Begin to explore the impact of using different values of k.

In [1]:
for i in range(2,6):
    kc_clusters = list(nx.algorithms.community.k_clique_communities(G, k=i))
    print("With k={}, {} clusters form.".format(i, len(kc_clusters)))

NameError: name 'nx' is not defined

## Visualize The Clusters Produced from the K-Clique Algorithm

> **Level-Up:** Experiment with different `nx.draw()` settings. See the [draw documentation here](https://networkx.github.io/documentation/networkx-1.10/reference/generated/networkx.drawing.nx_pylab.draw_networkx.html) for a full list. Some recommended settings that you've previewed include the position parameter `pos`, `with_labels=True`, `node_color`, `alpha`, `node_size`, `font_weight` and `font_size`. Note that `nx.spring_layout(G)` is particularly useful for laying out a well formed network. With this, you can pass in parameters for the relative edge distance via `k` and set a `random_seed` to have reproducible results as in `nx.spring_layout(G, k=2.66, seed=10)`. For more details, see the [spring_layout documentation here](https://networkx.github.io/documentation/networkx-1.10/reference/generated/networkx.drawing.layout.spring_layout.html?highlight=spring%20layout#networkx.drawing.layout.spring_layout).

In [None]:
#Your code here

## Perform an Alternative Clustering Using the Girvan-Newman Algorithm

Recluster the network using the Girvan-Newman algorithm.

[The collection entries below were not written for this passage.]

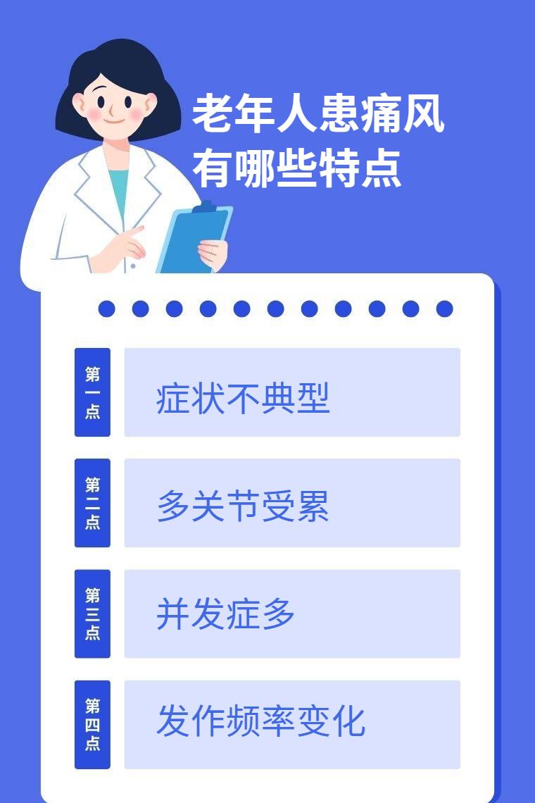 老年人患痛风的特点有症状不典型、多关节受累、并发症多、发作频率变化等。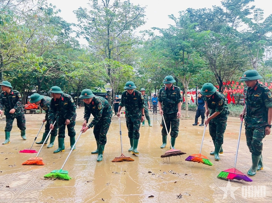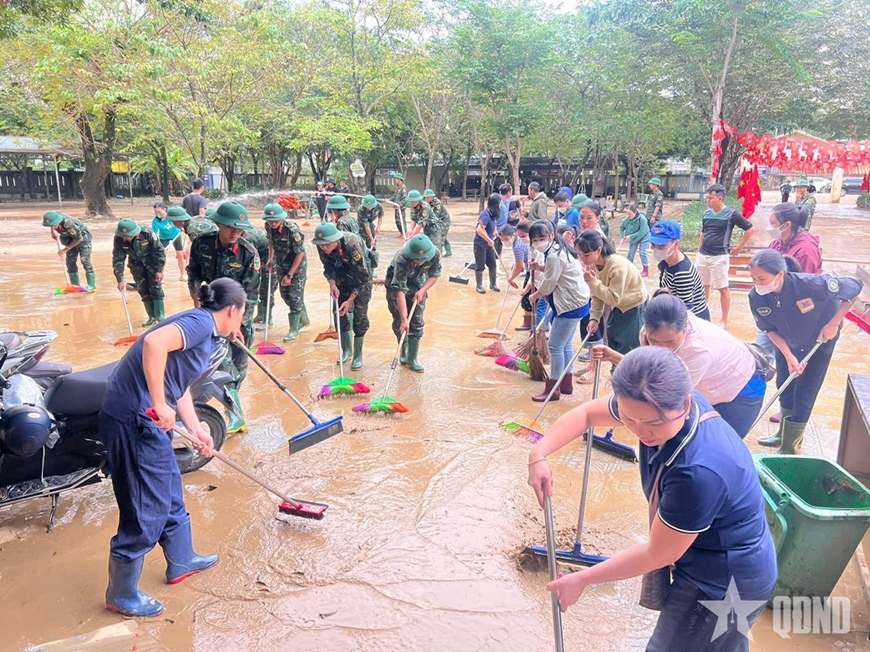 Trung tá Tạ Văn Tú, Chính ủy Trung đoàn 6 cho biết: “Mấy ngày nay, cán bộ, chiến sĩ làm việc với tinh thần khẩn trương nhất, giúp dân dọn dẹp vệ sinh môi trường và khắc phục hậu quả do lũ lớn gây ra. Tuần trước, vừa hoàn thành nhiệm vụ trở về trong niềm vui xúc động của bà con thì tuần này nước lũ dâng cao trở lại. Bao nhiêu công sức của bộ đội bỗng chốc trôi theo dòng nước lũ, nhưng chúng tôi động viên anh em không được chùn bước, phải cố gắng hết sức để học sinh sớm được đến trường và bà con ổn định cuộc sống”.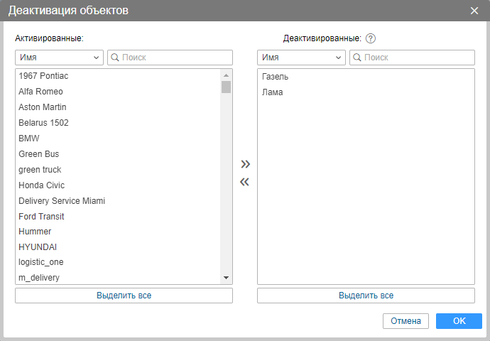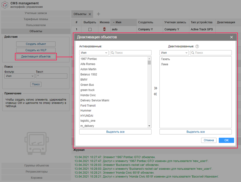 Для перемещения объектов из одного списка в другой воспользуйтесь кнопками-стрелками между ними или двойными щелчками левой кнопки мыши. По достижении лимита перенос объектов в список справа становится невозможным. Соответствующая запись с указанием имен объектов, которые не были деактивированы, появляется в журнале.
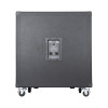 Funciona con una impedancia de 8 Ohms y se entrega con ruedas para facilitar su desplazamiento. Sus dimensiones son de 58 x 60 x 45 cm y su peso es de 25,9 kg.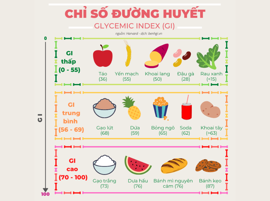 ==> Xem thêm bài viết: Chỉ số đường huyết GI: Cách xác định thực phẩm có đường huyết cao và thấp.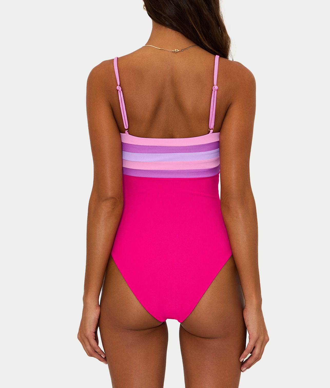 • Soak up the sun in this bright pink versatile one-piece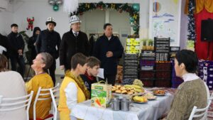 В преддверии Нового года Председатель Кабинета Министров Кыргызской Республики А.А. Касымалиев посетил Жайылское женское психоневрологическое и Беловодское детское стационарное учреждение при Министерстве труда, социального обеспечения и миграции КР, где поздравил получателей социальных услуг с наступающим Новым годом и подчеркнул важность адресной поддержки социально уязвимых категорий граждан.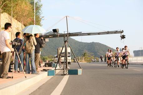 骑行的专业培训活动,并由三亚欣航提供12米摇臂、摄像机拍摄录制完成团队户动活动专片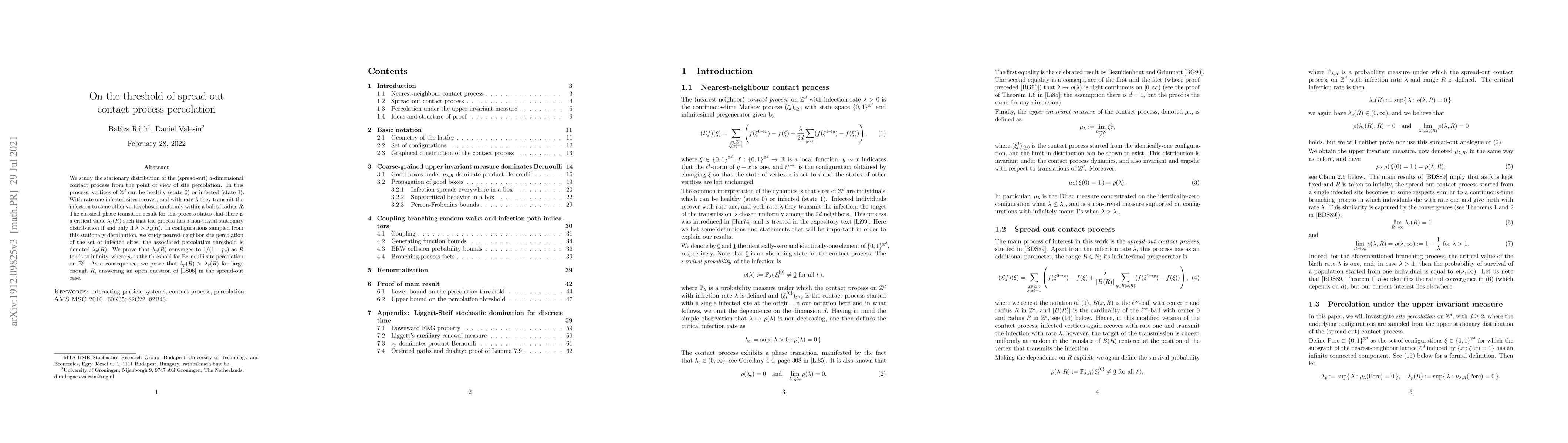 The paper studies a contact process in d-dimensional space, proving that as the radius of transmission increases, the percolation threshold for infected sites exceeds the critical value for the entire system.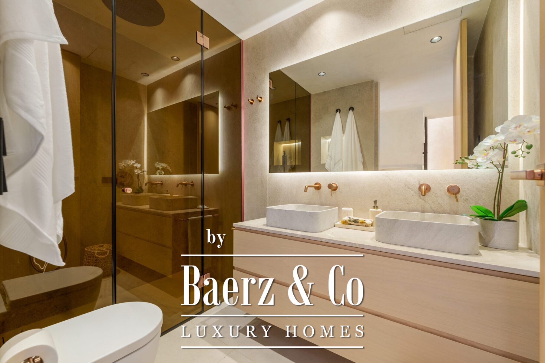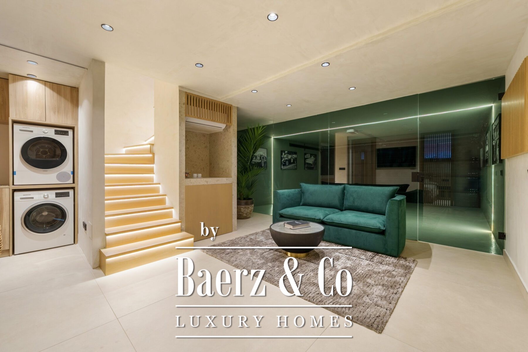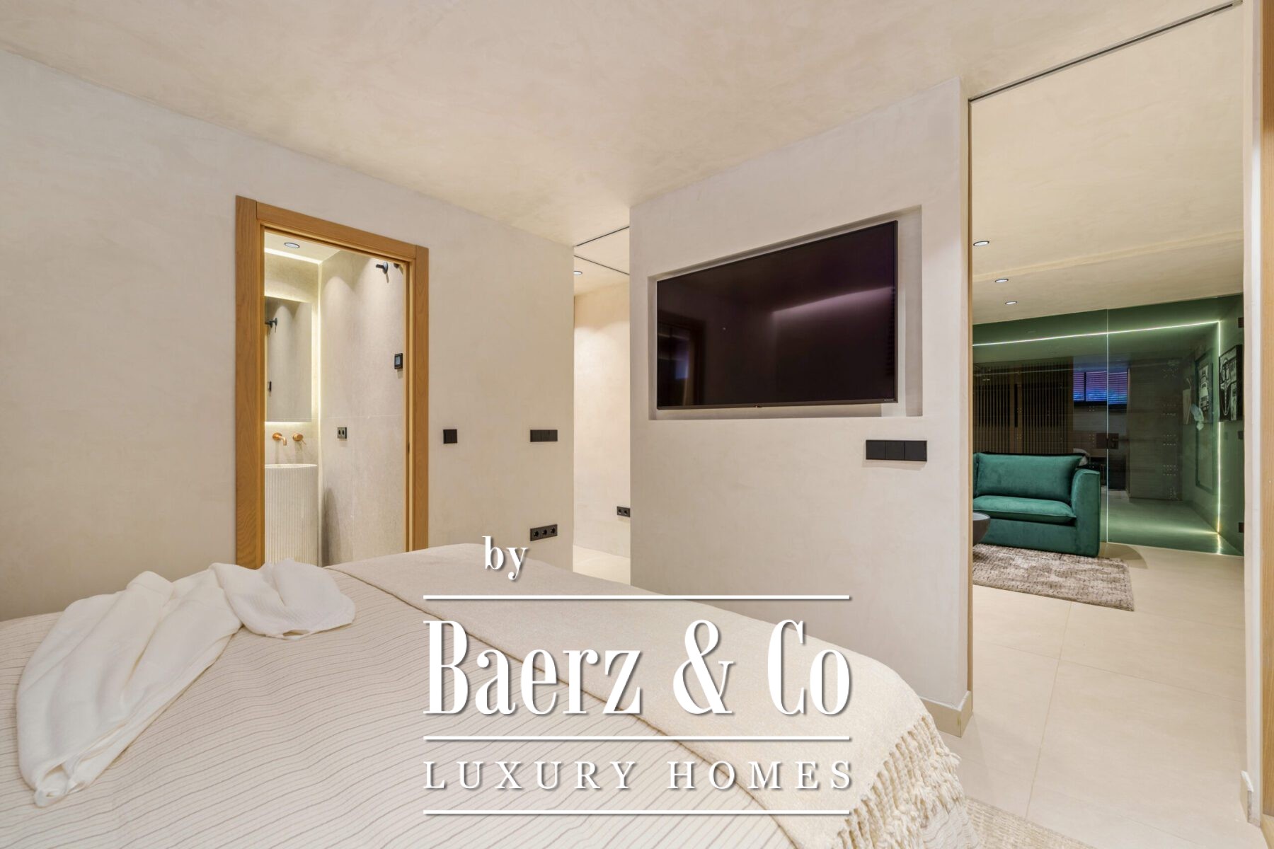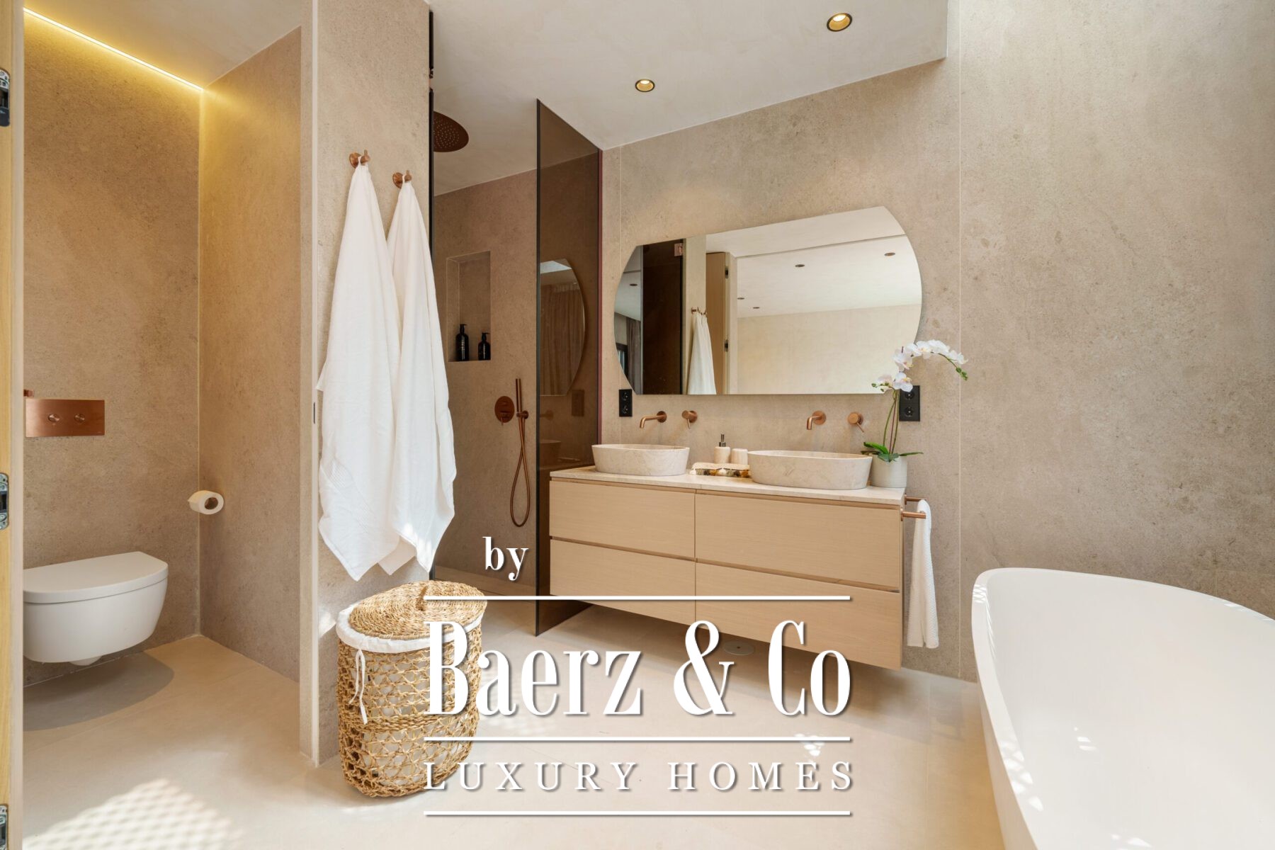 De bovenverdiepingen bieden ruime slaapkamers, waaronder een master suite met inloopkast en een en-suite badkamer die tot in detail is afgewerkt. Diverse terrassen verspreid over verschillende niveaus bieden keuzes voor rustige ochtenden of levendige avonden, met als absoluut hoogtepunt het dakterras, uitgerust met een ingebouwde BBQ, jacuzzi en panoramisch uitzicht over de berg- en tuinenlandschappen. Een eigen garage, 24-uurs beveiliging en hoogwaardige voorzieningen zoals airconditioning en vloerverwarming onderstrepen de toewijding aan comfort en gemak.
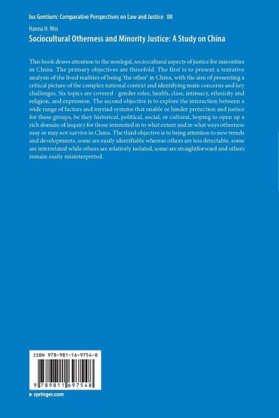 This book draws attention to the nonlegal, sociocultural aspects of justice for minorities in China. The primary objectives are threefold. The first is to present a tentative analysis of the lived realities of being 'the other' in China, with the aim of presenting a critical picture of the complex national context and identifying main concerns and key challenges. Six topics are covered - gender roles, health, class, intimacy, ethnicity and religion, and expression. The second objective is to explore the interaction between a wide range of factors and myriad systems that enable or hinder protection and justice for these groups, be they historical, political, social, or cultural, hoping to open up a rich domain of inquiry for those interested in to what extent and in what ways otherness may or may not survive in China. The third objective is to bring attention to new trends and developments, some are easily identifiable whereas others are less detectable,some are interrelated while others are relatively isolated, some are straightforward and others remain easily misinterpreted.
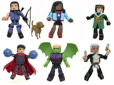 A Diamond Select Toys release! Young Avengers, assemble! The next Marvel Minimates Deluxe Box Set is here, and it’s all about the Young Avengers! Featuring team mainstays Kate “Hawkeye” Bishop, Wiccan and Hulkling, plus new members America Chavez, Kid Loki and Noh-Varr, it’s a veritable who’s who of rising Marvel superstars! Plus, the set comes with a figurine of Hawkeye’s dog Lucky, a.k.a. Pizza Dog! Each Minimate features up to 14 points of articulation and detailed paint applications, and all six Minimates come packaged in a full-color window box with an illustrated fifth panel featuring original Minimates artwork. Designed and illustrated by Barry Bradfield! (Item #OCT222363, SRP: $49.99)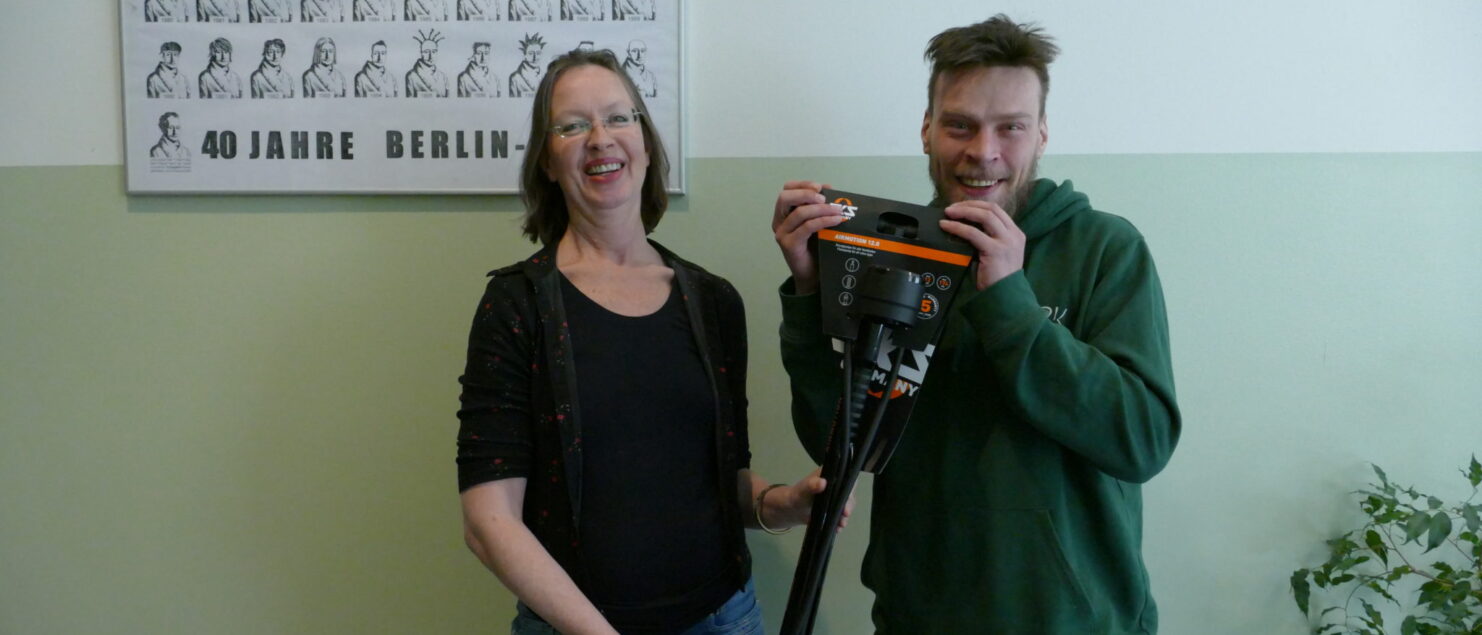Zunächst hat uns der Förderverein eine stabile Luftpumpe finanziert, die jederzeit erreichbar ist. Mittlerweile haben wir eine kleine Reparaturwerkstatt (fahrrad@kolleg.berlin), die Kollegiat:innen jahrgangsübergreifend organisieren.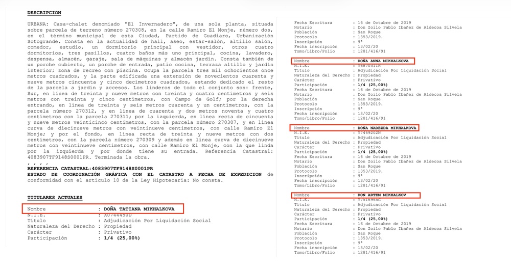 Итого — 4 квартиры в Испании, такие покупки «во вражеской Европе» уже сложнее списать на какое-то недоразумение. А окончательно невозможным это делает то, что у Михалковых в Испании есть еще и гигантская вилла. Она тоже никуда не делась, она не продана, не арестована. Патриот Михалков мог бы избавиться от нее в любую минуту, продать ее можно даже не приезжая в Испанию.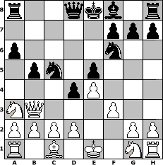 game notation in PGN-format [Event "Fr"] [Site "www.myChess.de"] [Date "2007.03.22"] [Round "2"] [Board "4"] [White "Knight"] [Black "richym3"] [ECO "A45"] [WhitemyELO "1299"] [BlackmyELO "1716"] [Result "0-1"] [TimeControl "10/1728000"] [WhiteDays "19"] [BlackDays "18"] [MyChessNo "33613"] 1. d4 Nf6 2. Nc3 d5 3. f3 c5 4. e4 cxd4 5. Bb5+ Bd7 6. Bxd7+ Nbxd7 7. Qxd4 e5 8. Qa4 d4 9. Nb5 a6 10. Na3 b5 11. Qb3 Nc5 0-1 position notation in FEN-format r2qkb1r/5ppp/p4n2/1pn1p3/3pP3/NQ3P2/PPPP2PP/R1B1K1NR - KQkq - 2 12 Captured white pieces: Captured black pieces: Click on a captured piece in order to display the desired move!

Remember that this will give you a list of cluster lists corresponding to the clusters that form from removing the top n edges according to some metric, typically edge betweeness.

In [None]:
# Your code here

## Create a Visualization Wrapper

Now that you have an idea of how splintered the network becomes based on the number of edges removed, you'll want to examine some of the subsequent groups that gradually break apart. Since the network is quiet complex to start with, using subplots is not a great option; each subplot would be too small to accurately read. Create a visualization function `plot_girvan_newman(G,clusters)` which takes a NetworkX graph object as well as one of the clusters from the output of the Girvan-Newman algorithm above and plots the network with a unique color for each cluster.

> **Level-Up:** Experiment with different `nx.draw()` settings. See the [draw documentation here](https://networkx.github.io/documentation/networkx-1.10/reference/generated/networkx.drawing.nx_pylab.draw_networkx.html) for a full list. Some recommended settings that you've previewed include the position parameter `pos`, `with_labels=True`, `node_color`, `alpha`, `node_size`, `font_weight` and `font_size`. Note that `nx.spring_layout(G)` is particularly useful for laying out a well formed network. With this, you can pass in parameters for the relative edge distance via `k` and set a `random_seed` to have reproducible results as in `nx.spring_layout(G, k=2.66, seed=10)`. For more details, see the [spring_layout documentation here](https://networkx.github.io/documentation/networkx-1.10/reference/generated/networkx.drawing.layout.spring_layout.html?highlight=spring%20layout#networkx.drawing.layout.spring_layout).

In [None]:
def plot_girvan_newman(G, clusters):
    #Your code here

## Visualize the Various Clusters that Form Throughout the Girvan-Newman Algorithm

Use your function to visualize the various clusters that form throughout the Girvan-Newman algorithm as you remove more and more edges from the network.

In [None]:
#Your code here

## Cluster Decay Rate

Create a visual to help yourself understand the rate at which clusters of this network formed versus the number of edges removed.

> **Level-Up**: Based on your graphic, what would you predict is an appropriate number of clusters? 

In [None]:
#Your code here

## Choose a Clustering 

Now that you have generated various clusters within the overall network, which do you think is the most appropriate or informative?

In [None]:
#Your code/response here

## Summary

In this lab you practice using the k-clique and Girvan-Newman methods for clustering. Additionally, you may have also gotten a better sense of some of the current technological landscape. As you can start to see, network clustering provides you with powerful tools to further subset large networks into smaller constituencies allowing you to dig deeper into their particular characteristics.